● ASSIGNMENT:
Exact wording is required: transcribe all the entries and leave the images out.

'''

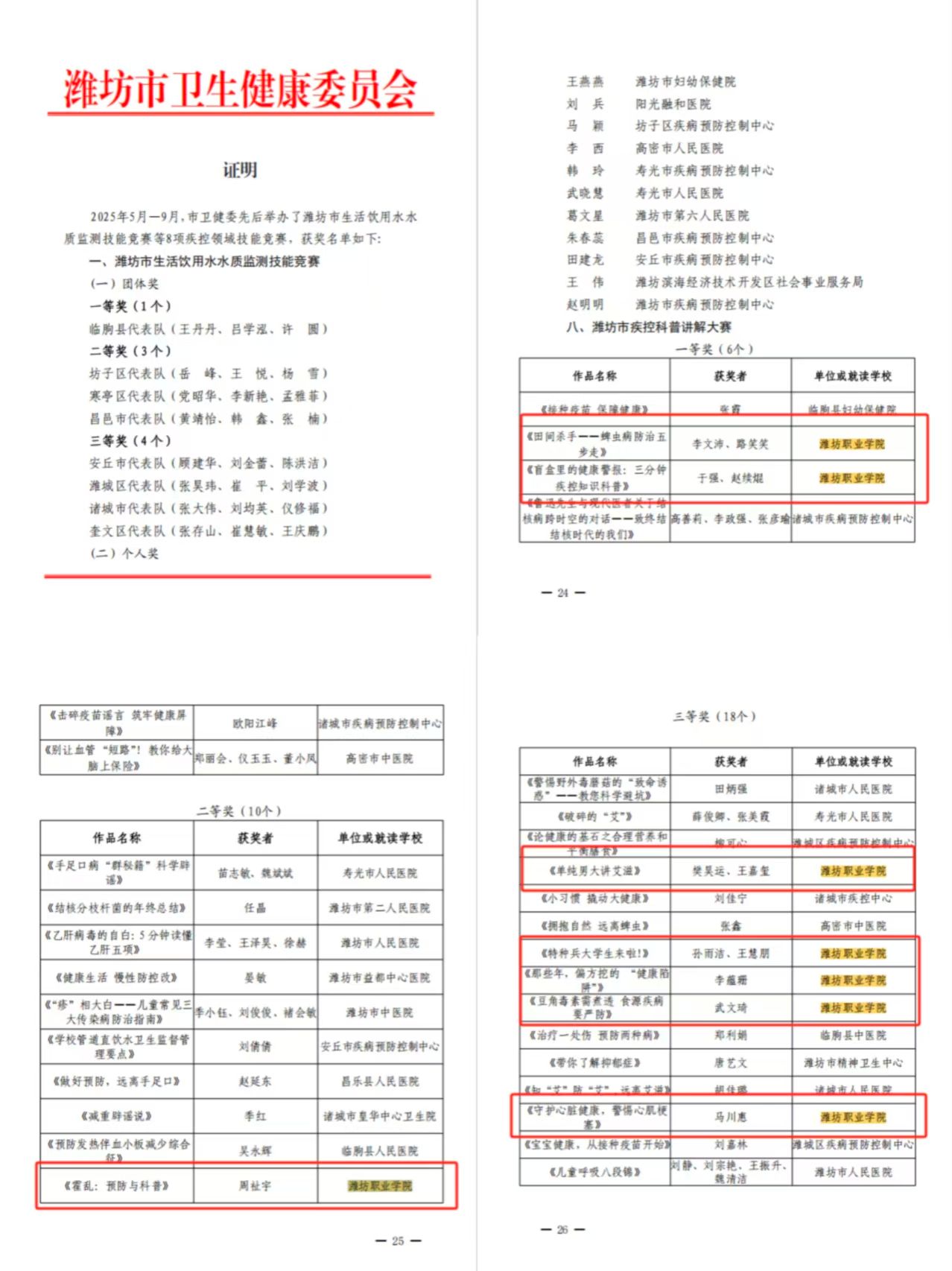 近日,由潍坊市卫生健康委员会主办的潍坊市疾控科普讲解大赛公布获奖结果,学院推荐作品荣获一等奖2项、二等奖1项、三等奖5项。
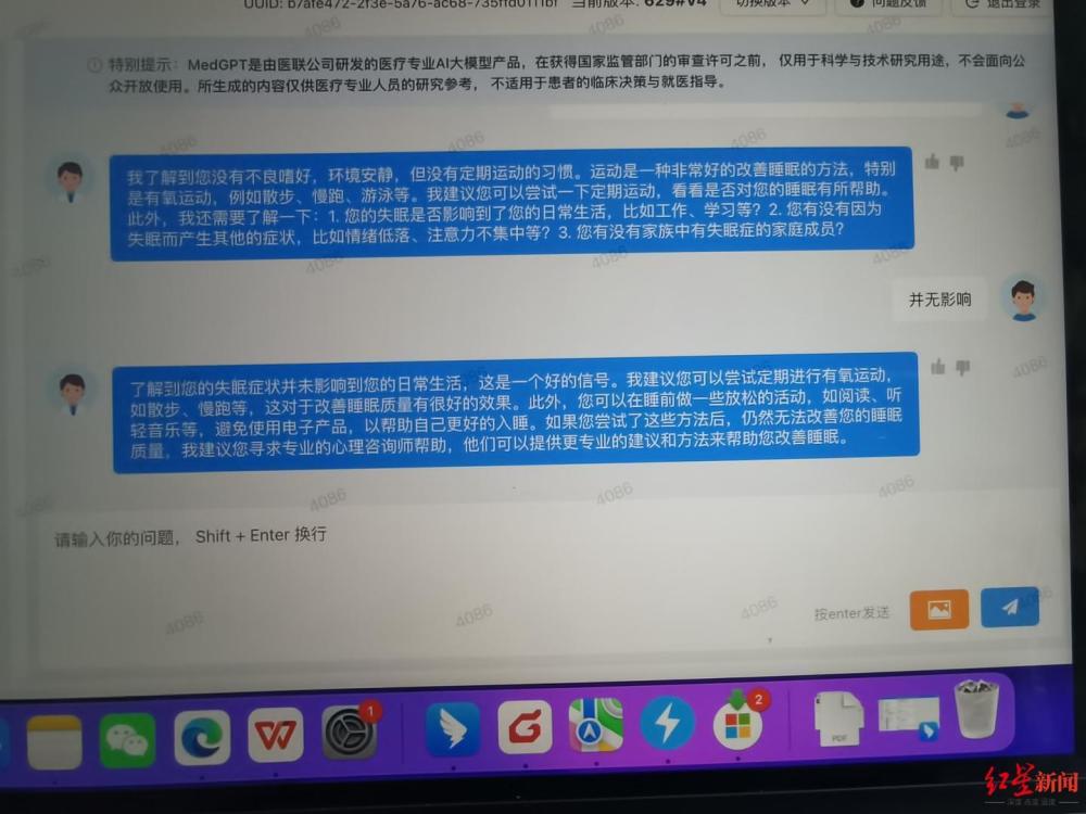 记者发现,如果MedGPT在提出问题后,记者并未回答,则会反复提问。问诊过程中,记者有意将“提醒”错写为“提行”,MedGPT依然可以识别记者真实想表达的含义,进行解答或回复。同时,记者用口语化近义词代替原有的书面词汇,如“失眠”改为“睡不着”等,MedGPT均能理解。经过7分钟的问诊,由于记者的症状不算严重,MedGPT建议暂不需用药,可通过规律运动等方式改善睡眠。
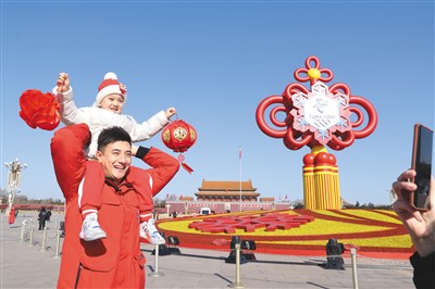 北京冬奥会脚步临近,北京市内各处冬奥城市景观已准备就位,营造出浓厚的冬奥氛围。图为1月29日,市民在位于北京天安门广场的“精彩冬奥”主题花坛前拍照留念,喜迎北京冬奥会。
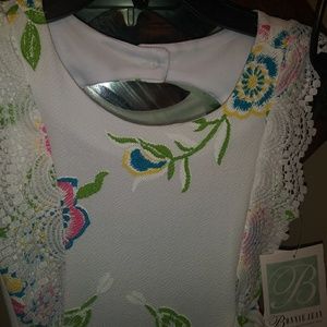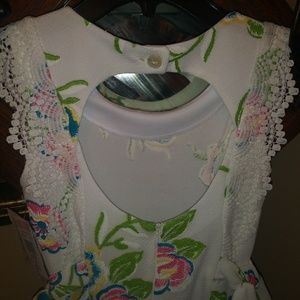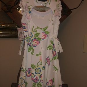 Gorgeous raised floral dress w intricate lace. This dress is sinched in the sides and ties. The back has an open back buttons at the top and zips. Thos would be perfect for easter 🐣. Has just enough twirl to it.
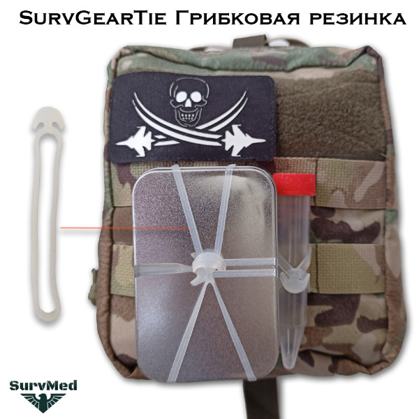 Грибковые резинки SurvGearTie предназначены для фиксации экипировки и мелких предметов. С их помощью можно прикрепить предмет к ячейкам MOLLE, улучшить внутреннюю организацию подсумков или рюкзаков, навесить дополнительные средства на лямки рюкзака, разгрузки или пояса.
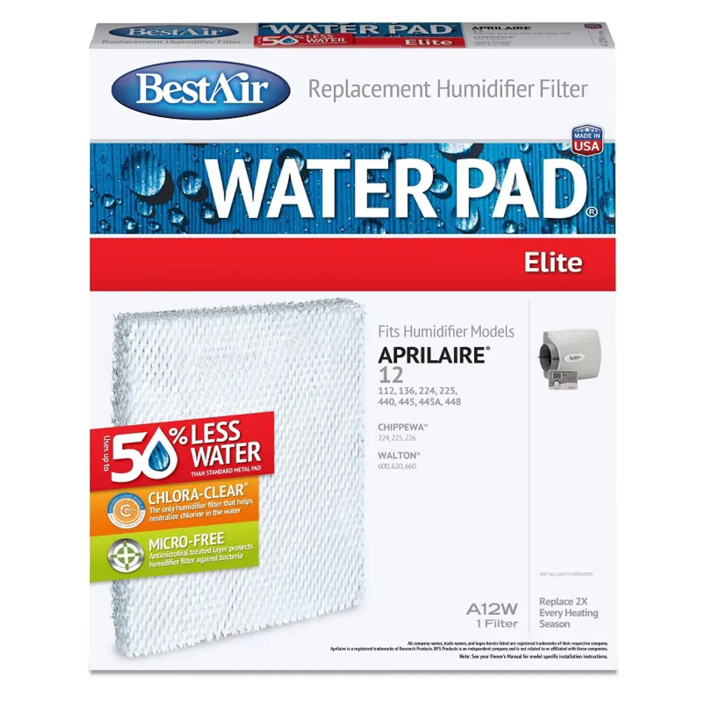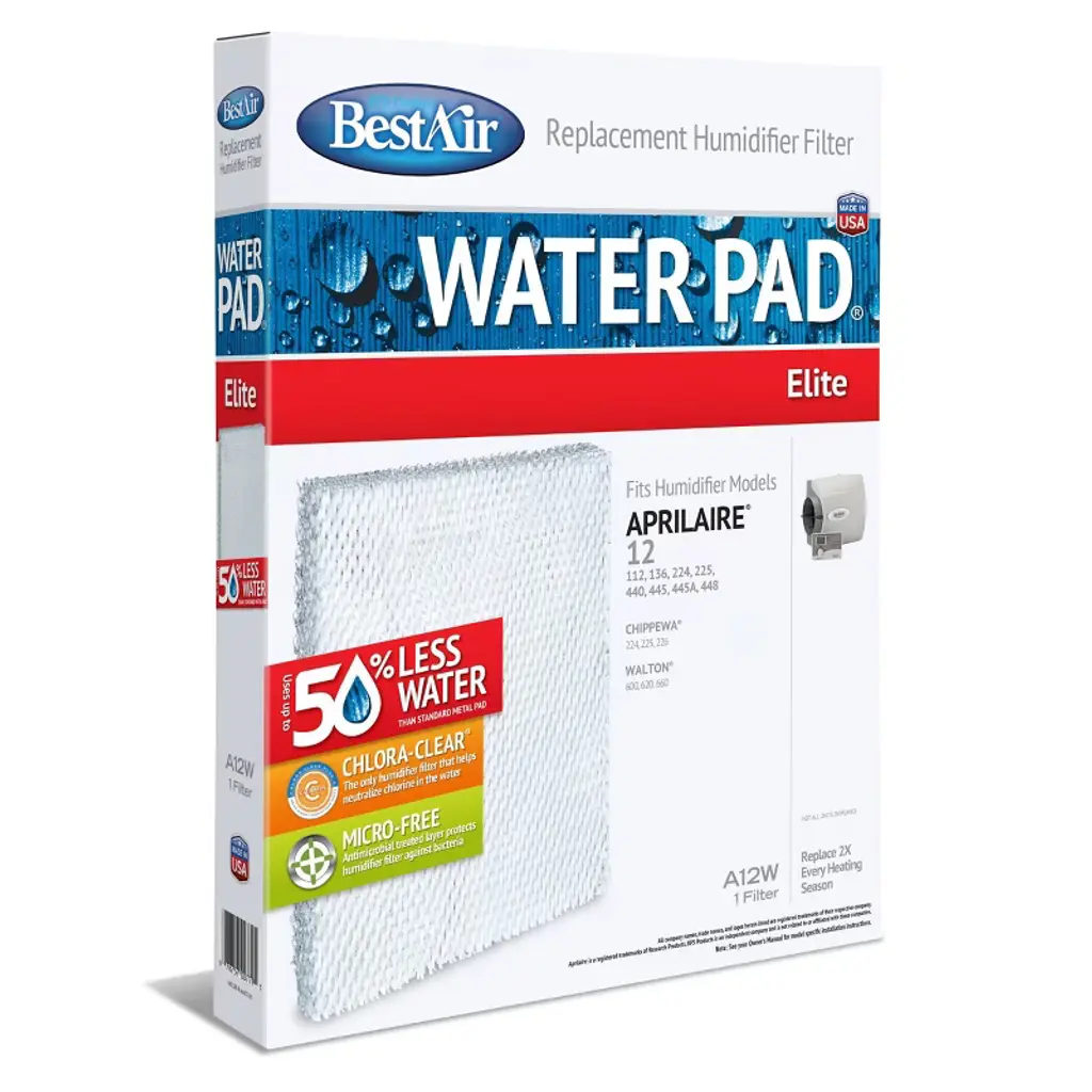 BestAir® is dedicated to providing a clean and comfortable indoor environment for everyone. We have a complete array of high quality humidification wicks, air cleaning filters, water pads and many other accessories, which will ensure that your indoor air quality will be the BestAir® that you and your family can breathe.Our Chlora-Clear® Plus C technology infuses a dechlorination agent treated with Vitamin C deep within our filter's wicking system to help neutralize chlorine. This is important because 90% of public water is treated with chlorine.Waterpad that fits: Aprilaire 112, 136, 224, 440, 445, 445A, 448 (12); Chippewa 224, 225, 226; Humid-Aire Neptune; Walton 600, 620, 660
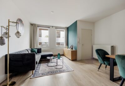 Aan de achterzijde liggen de twee slaapkamers. De hoofdslaapkamer is licht en ruim, met directe toegang tot het zonnige balkon op het zuiden. Een fijne plek om in alle rust te genieten van de middag- en avondzon. De tweede slaapkamer is iets kleiner, maar perfect geschikt als werkkamer of inloopkast. De moderne meterkast is uitgerust met zeven groepen en twee aardlekschakelaars, en biedt voldoende ruimte voor eventuele uitbreiding.
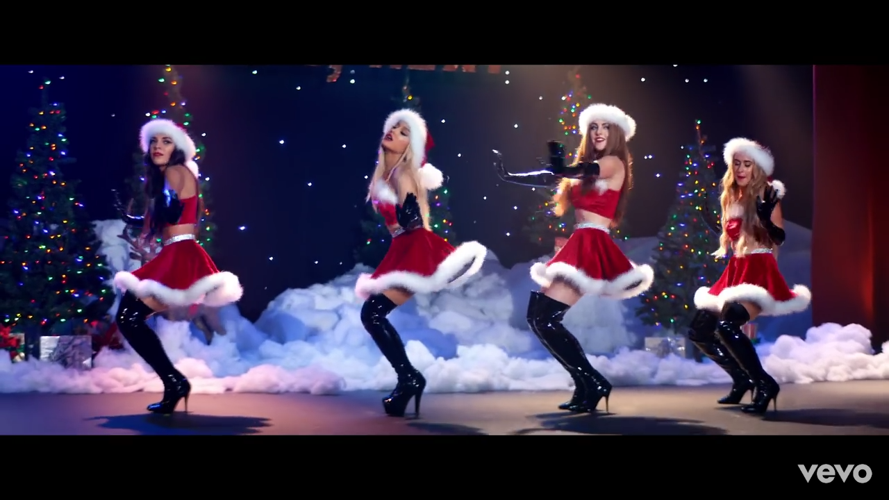 Tiếp theo, không thể thiếu được là khoảnh khắc biểu tượng nhất trong loạt phim về những cô gái xấu tính, hình ảnh mà gần như giới trẻ các thế hệ đều nhớ đến - Hình ảnh Regina George cùng 3 người bạn mặc đồ noel nhảy gợi cảm tại lễ của trường. Hình ảnh đó, tất nhiên Ariana Grande cũng không quên mang vào MV của mình rồi!
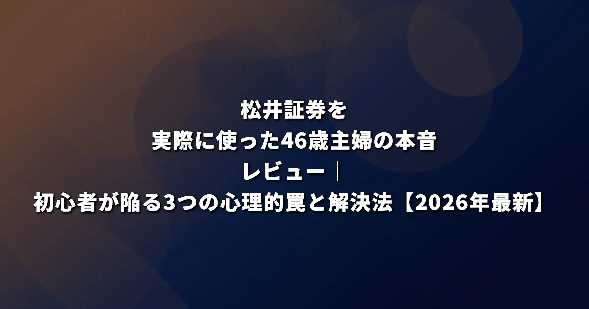 松井証券を実際に使った46歳主婦の本音レビュー|初心者が陥る3つの心理的罠と解決法【2026年最新】
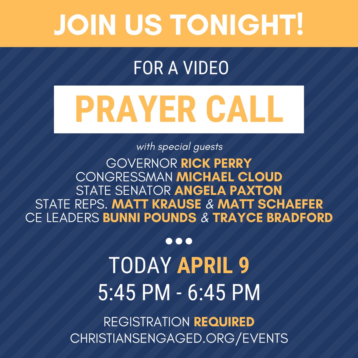 Honored to be praying tonight with @GovernorPerry and others on a statewide call for our nation and Texas! Join us at 5:45 pm.https://twitter.com/PrayVoteEngage/status/1248283738808766464 …

'''

● ANSWER TO THIS PROBLEM:
 近日,由潍坊市卫生健康委员会主办的潍坊市疾控科普讲解大赛公布获奖结果,学院推荐作品荣获一等奖2项、二等奖1项、三等奖5项。
 记者发现,如果MedGPT在提出问题后,记者并未回答,则会反复提问。问诊过程中,记者有意将“提醒”错写为“提行”,MedGPT依然可以识别记者真实想表达的含义,进行解答或回复。同时,记者用口语化近义词代替原有的书面词汇,如“失眠”改为“睡不着”等,MedGPT均能理解。经过7分钟的问诊,由于记者的症状不算严重,MedGPT建议暂不需用药,可通过规律运动等方式改善睡眠。
 北京冬奥会脚步临近,北京市内各处冬奥城市景观已准备就位,营造出浓厚的冬奥氛围。图为1月29日,市民在位于北京天安门广场的“精彩冬奥”主题花坛前拍照留念,喜迎北京冬奥会。
 Gorgeous raised floral dress w intricate lace. This dress is sinched in the sides and ties. The back has an open back buttons at the top and zips. Thos would be perfect for easter 🐣. Has just enough twirl to it.
 Грибковые резинки SurvGearTie предназначены для фиксации экипировки и мелких предметов. С их помощью можно прикрепить предмет к ячейкам MOLLE, улучшить внутреннюю организацию подсумков или рюкзаков, навесить дополнительные средства на лямки рюкзака, разгрузки или пояса.
 BestAir® is dedicated to providing a clean and comfortable indoor environment for everyone. We have a complete array of high quality humidification wicks, air cleaning filters, water pads and many other accessories, which will ensure that your indoor air quality will be the BestAir® that you and your family can breathe.Our Chlora-Clear® Plus C technology infuses a dechlorination agent treated with Vitamin C deep within our filter's wicking system to help neutralize chlorine. This is important because 90% of public water is treated with chlorine.Waterpad that fits: Aprilaire 112, 136, 224, 440, 445, 445A, 448 (12); Chippewa 224, 225, 226; Humid-Aire Neptune; Walton 600, 620, 660
 Aan de achterzijde liggen de twee slaapkamers. De hoofdslaapkamer is licht en ruim, met directe toegang tot het zonnige balkon op het zuiden. Een fijne plek om in alle rust te genieten van de middag- en avondzon. De tweede slaapkamer is iets kleiner, maar perfect geschikt als werkkamer of inloopkast. De moderne meterkast is uitgerust met zeven groepen en twee aardlekschakelaars, en biedt voldoende ruimte voor eventuele uitbreiding.
 Tiếp theo, không thể thiếu được là khoảnh khắc biểu tượng nhất trong loạt phim về những cô gái xấu tính, hình ảnh mà gần như giới trẻ các thế hệ đều nhớ đến - Hình ảnh Regina George cùng 3 người bạn mặc đồ noel nhảy gợi cảm tại lễ của trường. Hình ảnh đó, tất nhiên Ariana Grande cũng không quên mang vào MV của mình rồi!
 松井証券を実際に使った46歳主婦の本音レビュー|初心者が陥る3つの心理的罠と解決法【2026年最新】
 Honored to be praying tonight with @GovernorPerry and others on a statewide call for our nation and Texas! Join us at 5:45 pm.https://twitter.com/PrayVoteEngage/status/1248283738808766464 …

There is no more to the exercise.